— TASK DETAILS —
Your task is to transcribe all of the data below exactly, omitting the images.

— DATASET EXTRACT —
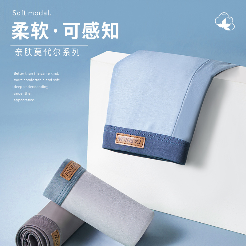 莫代尔中腰男士内裤拼色腰带平角裤u凸设计四角裤男三条盒装
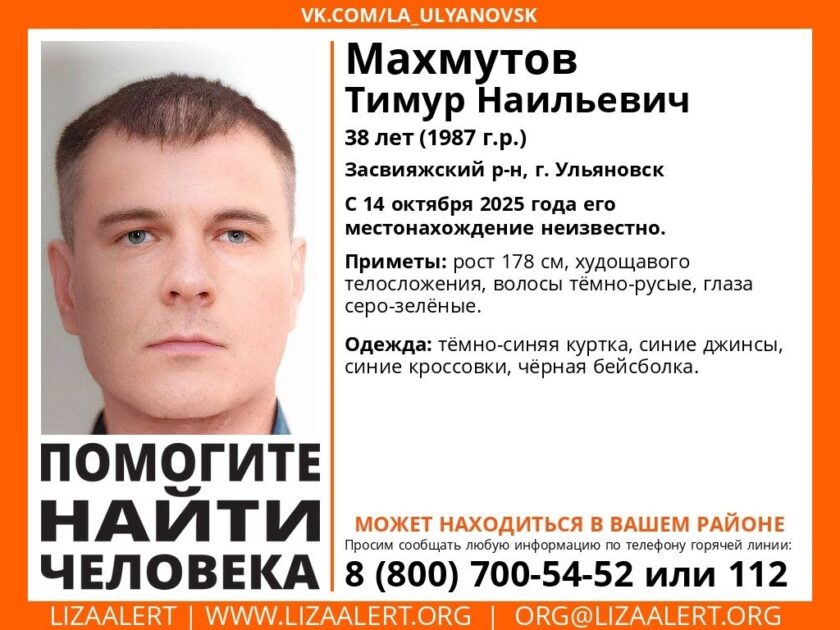 Место пропажи: Засвияжский р-н, г. Ульяновск.
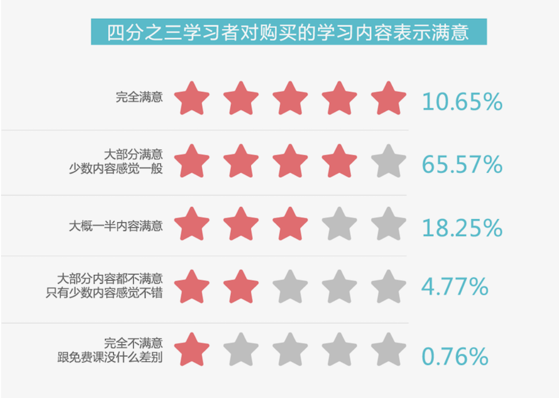 從人們對購得學(xué)習(xí)產(chǎn)品滿意度來看,內(nèi)容質(zhì)量得到了大多數(shù)知識消費者認(rèn)可。取悅消費者不易,學(xué)習(xí)者愿意付錢,或促進了高質(zhì)量的學(xué)習(xí)內(nèi)容供給。

— EXPECTED OUTPUT —
 莫代尔中腰男士内裤拼色腰带平角裤u凸设计四角裤男三条盒装
 Место пропажи: Засвияжский р-н, г. Ульяновск.
 從人們對購得學(xué)習(xí)產(chǎn)品滿意度來看,內(nèi)容質(zhì)量得到了大多數(shù)知識消費者認(rèn)可。取悅消費者不易,學(xué)習(xí)者愿意付錢,或促進了高質(zhì)量的學(xué)習(xí)內(nèi)容供給。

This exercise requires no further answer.